Exact reproduction is required for the lines below starting at the line with "2. Саленко А.В." and ending at the line with "ROCK Fast Charger", both included. No other lines, and no pictures.

• _Data for processing_:
* * * * * * * * *

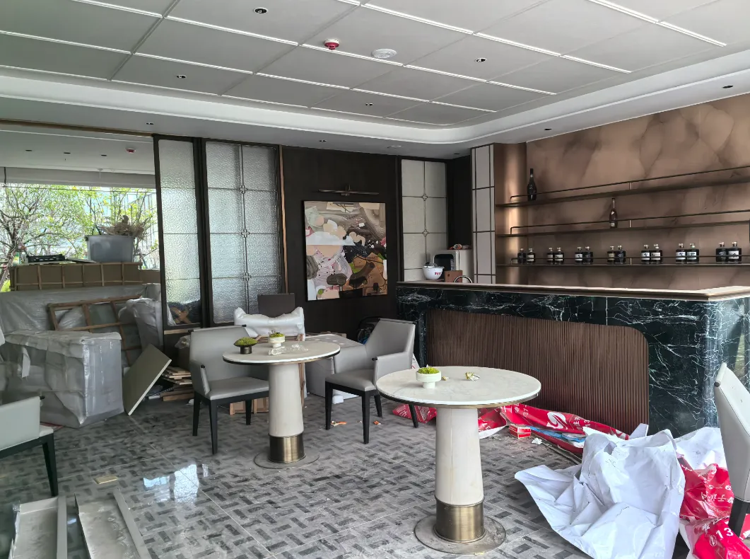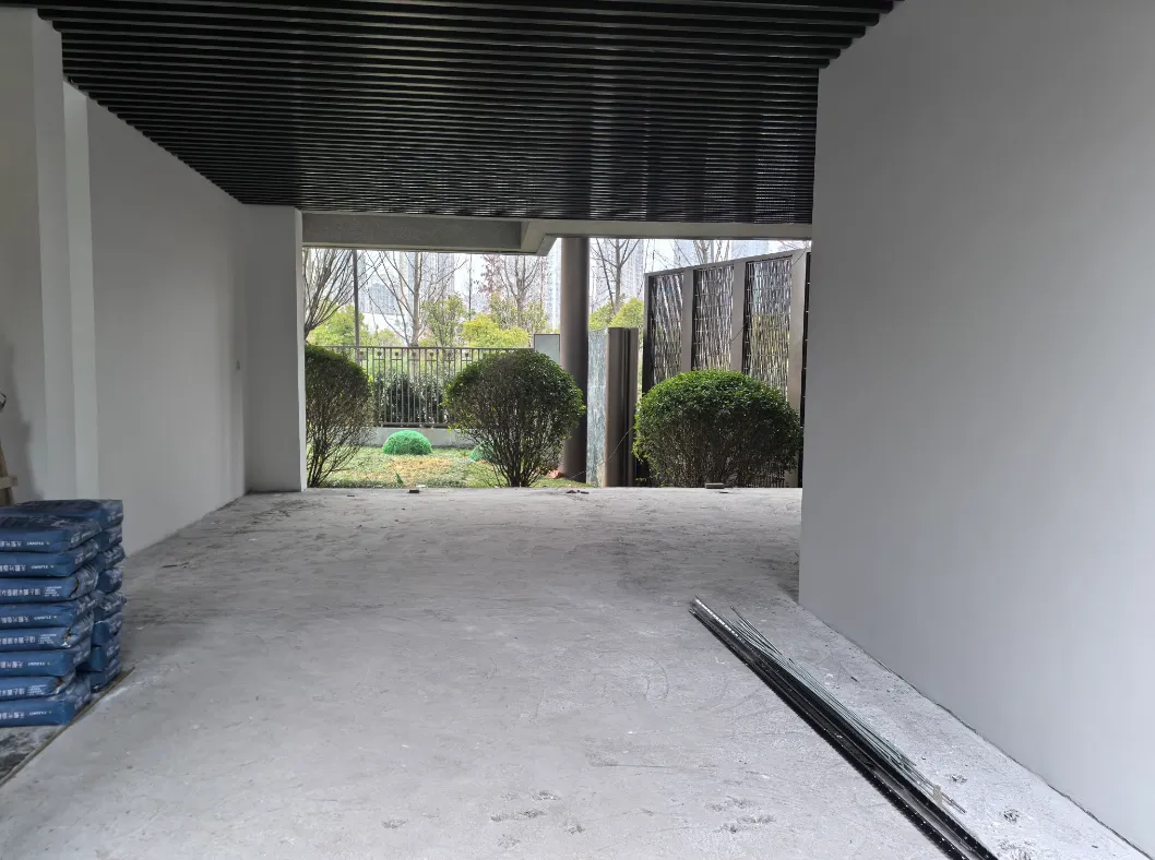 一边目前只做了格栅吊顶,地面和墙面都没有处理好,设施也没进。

* * * * * * * * *

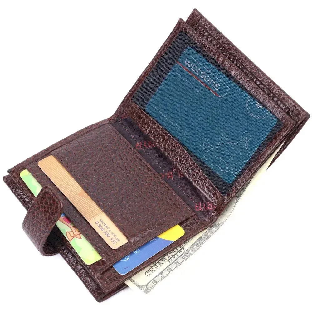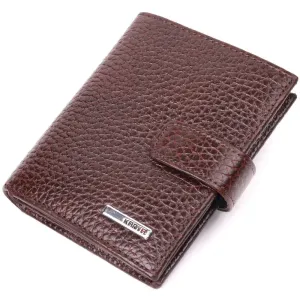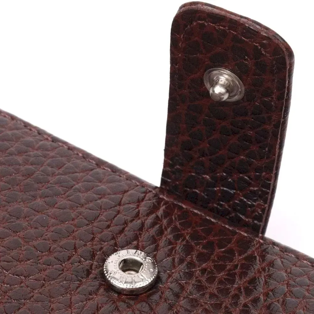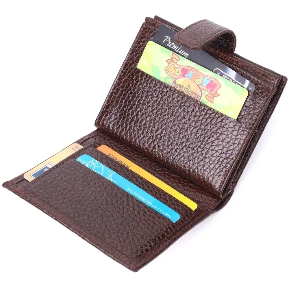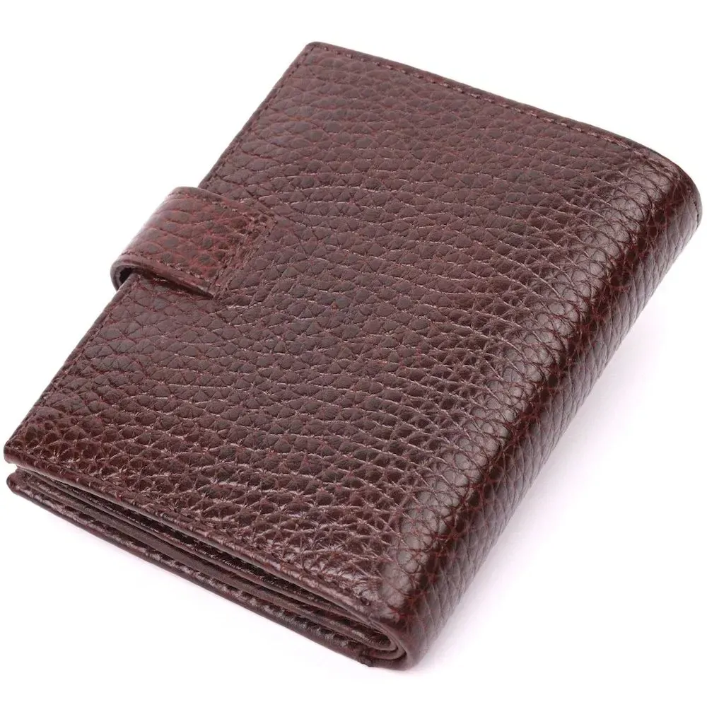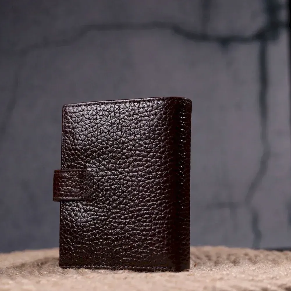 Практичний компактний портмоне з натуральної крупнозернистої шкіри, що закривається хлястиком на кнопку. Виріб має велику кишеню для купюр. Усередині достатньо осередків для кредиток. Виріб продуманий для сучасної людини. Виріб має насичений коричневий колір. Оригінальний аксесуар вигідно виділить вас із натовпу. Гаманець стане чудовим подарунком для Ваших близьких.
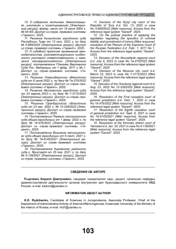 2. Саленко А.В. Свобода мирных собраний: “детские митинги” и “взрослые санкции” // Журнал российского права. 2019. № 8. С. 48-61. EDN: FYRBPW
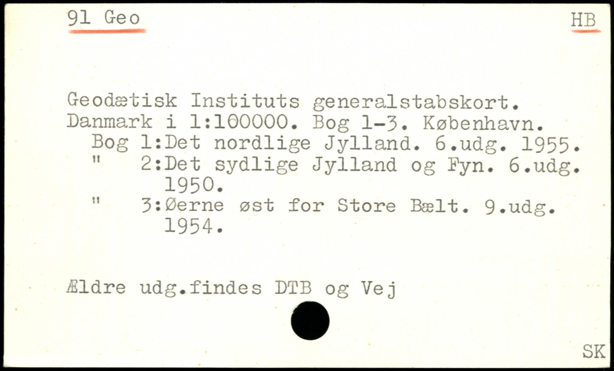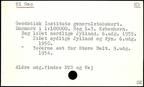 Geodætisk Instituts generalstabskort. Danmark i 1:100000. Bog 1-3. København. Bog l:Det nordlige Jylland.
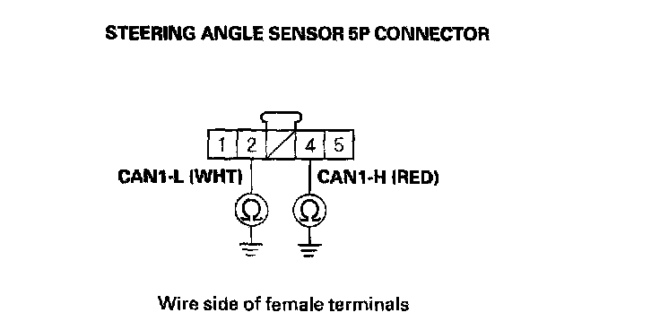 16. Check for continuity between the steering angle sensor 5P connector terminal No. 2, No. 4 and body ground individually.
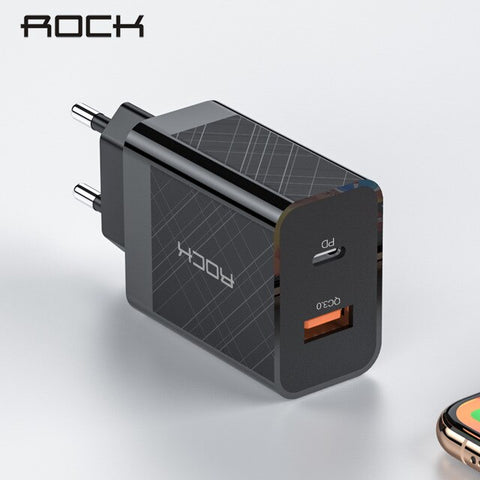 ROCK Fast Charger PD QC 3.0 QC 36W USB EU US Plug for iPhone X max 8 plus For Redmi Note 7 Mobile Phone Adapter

* * * * * * * * *

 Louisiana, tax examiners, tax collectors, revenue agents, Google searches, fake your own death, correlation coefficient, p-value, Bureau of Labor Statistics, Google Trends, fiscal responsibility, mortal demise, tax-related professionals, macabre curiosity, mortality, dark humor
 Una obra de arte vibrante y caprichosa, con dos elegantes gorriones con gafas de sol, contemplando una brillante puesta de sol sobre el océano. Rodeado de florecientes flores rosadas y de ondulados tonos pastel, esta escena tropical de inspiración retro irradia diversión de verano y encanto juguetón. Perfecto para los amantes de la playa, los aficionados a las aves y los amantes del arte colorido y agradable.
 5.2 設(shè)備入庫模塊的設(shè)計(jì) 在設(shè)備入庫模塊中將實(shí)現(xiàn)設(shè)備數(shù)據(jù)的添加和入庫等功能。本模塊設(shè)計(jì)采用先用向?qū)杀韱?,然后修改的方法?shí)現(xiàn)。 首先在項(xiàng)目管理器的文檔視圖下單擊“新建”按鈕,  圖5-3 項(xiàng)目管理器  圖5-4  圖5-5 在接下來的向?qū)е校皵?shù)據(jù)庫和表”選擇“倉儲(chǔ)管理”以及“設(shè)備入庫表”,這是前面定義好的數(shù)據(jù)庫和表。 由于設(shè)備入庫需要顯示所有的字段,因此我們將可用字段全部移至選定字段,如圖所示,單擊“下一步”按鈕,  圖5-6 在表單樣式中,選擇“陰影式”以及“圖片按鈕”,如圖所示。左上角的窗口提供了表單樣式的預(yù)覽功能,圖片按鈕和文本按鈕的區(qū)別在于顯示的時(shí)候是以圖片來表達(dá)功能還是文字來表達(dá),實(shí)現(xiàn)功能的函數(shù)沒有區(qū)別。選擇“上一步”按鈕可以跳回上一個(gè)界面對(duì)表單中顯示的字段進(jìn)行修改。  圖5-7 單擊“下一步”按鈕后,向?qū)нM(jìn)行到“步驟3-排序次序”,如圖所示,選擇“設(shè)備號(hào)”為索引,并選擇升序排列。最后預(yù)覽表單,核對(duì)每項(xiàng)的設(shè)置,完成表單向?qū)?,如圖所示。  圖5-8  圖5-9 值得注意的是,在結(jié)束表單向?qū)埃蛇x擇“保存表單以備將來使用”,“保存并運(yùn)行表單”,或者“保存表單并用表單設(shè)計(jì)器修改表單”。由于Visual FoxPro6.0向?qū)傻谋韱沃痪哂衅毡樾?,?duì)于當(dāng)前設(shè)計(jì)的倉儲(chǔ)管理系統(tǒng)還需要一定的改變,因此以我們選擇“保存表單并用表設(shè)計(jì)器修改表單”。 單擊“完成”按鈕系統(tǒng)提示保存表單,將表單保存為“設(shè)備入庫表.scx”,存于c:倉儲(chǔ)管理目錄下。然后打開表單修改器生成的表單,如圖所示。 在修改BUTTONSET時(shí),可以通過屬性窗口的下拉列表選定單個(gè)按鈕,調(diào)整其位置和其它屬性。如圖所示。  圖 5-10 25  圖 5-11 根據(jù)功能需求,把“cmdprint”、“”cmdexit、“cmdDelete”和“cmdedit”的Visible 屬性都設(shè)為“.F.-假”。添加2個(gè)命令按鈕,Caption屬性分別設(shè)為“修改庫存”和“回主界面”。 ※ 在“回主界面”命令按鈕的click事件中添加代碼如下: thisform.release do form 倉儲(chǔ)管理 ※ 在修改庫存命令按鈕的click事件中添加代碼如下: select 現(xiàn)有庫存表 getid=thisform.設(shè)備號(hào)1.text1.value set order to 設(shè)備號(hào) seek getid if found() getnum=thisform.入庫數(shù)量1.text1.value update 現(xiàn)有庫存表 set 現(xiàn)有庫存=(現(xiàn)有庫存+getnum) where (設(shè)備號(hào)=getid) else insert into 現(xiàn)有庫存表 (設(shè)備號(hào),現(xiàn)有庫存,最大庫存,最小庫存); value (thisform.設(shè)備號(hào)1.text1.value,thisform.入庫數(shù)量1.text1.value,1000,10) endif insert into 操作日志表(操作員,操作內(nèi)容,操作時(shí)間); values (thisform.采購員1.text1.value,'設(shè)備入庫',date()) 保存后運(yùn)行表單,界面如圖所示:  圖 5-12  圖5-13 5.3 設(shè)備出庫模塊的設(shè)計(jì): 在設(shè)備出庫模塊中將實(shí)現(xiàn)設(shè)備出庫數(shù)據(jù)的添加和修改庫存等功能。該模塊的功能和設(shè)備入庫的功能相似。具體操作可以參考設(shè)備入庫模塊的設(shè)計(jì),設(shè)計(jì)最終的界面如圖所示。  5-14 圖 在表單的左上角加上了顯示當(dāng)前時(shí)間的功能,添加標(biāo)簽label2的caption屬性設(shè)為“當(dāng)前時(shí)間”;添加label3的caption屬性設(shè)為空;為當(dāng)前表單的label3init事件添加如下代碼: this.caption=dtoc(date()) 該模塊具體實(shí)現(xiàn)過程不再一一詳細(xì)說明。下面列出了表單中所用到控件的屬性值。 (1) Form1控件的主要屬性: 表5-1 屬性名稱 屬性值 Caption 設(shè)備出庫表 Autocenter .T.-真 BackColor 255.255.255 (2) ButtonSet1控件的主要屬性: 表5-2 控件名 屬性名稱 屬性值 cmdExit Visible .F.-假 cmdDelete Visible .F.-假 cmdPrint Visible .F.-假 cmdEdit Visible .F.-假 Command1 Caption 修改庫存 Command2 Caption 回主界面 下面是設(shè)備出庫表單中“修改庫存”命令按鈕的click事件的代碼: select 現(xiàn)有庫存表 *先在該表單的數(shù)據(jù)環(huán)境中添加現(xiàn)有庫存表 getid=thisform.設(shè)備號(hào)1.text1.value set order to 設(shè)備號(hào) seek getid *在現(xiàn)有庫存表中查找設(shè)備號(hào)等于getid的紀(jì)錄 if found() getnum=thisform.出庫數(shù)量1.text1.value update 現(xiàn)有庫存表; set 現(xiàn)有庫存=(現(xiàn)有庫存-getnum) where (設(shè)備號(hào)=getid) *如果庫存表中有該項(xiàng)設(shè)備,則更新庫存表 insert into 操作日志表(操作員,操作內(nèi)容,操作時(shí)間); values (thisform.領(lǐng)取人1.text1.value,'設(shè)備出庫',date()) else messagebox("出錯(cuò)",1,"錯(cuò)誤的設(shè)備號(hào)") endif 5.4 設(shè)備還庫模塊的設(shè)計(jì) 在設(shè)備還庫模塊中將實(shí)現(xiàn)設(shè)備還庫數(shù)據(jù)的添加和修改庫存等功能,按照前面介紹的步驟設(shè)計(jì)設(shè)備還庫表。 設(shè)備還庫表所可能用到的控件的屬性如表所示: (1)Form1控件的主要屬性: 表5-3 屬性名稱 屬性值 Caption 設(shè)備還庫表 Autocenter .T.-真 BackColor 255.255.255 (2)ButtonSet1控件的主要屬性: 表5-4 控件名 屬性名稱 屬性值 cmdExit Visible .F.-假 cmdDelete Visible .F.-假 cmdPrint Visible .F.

* * * * * * * * *

• _Finished exercise_:
 2. Саленко А.В. Свобода мирных собраний: “детские митинги” и “взрослые санкции” // Журнал российского права. 2019. № 8. С. 48-61. EDN: FYRBPW
 Geodætisk Instituts generalstabskort. Danmark i 1:100000. Bog 1-3. København. Bog l:Det nordlige Jylland.
 16. Check for continuity between the steering angle sensor 5P connector terminal No. 2, No. 4 and body ground individually.
 ROCK Fast Charger PD QC 3.0 QC 36W USB EU US Plug for iPhone X max 8 plus For Redmi Note 7 Mobile Phone Adapter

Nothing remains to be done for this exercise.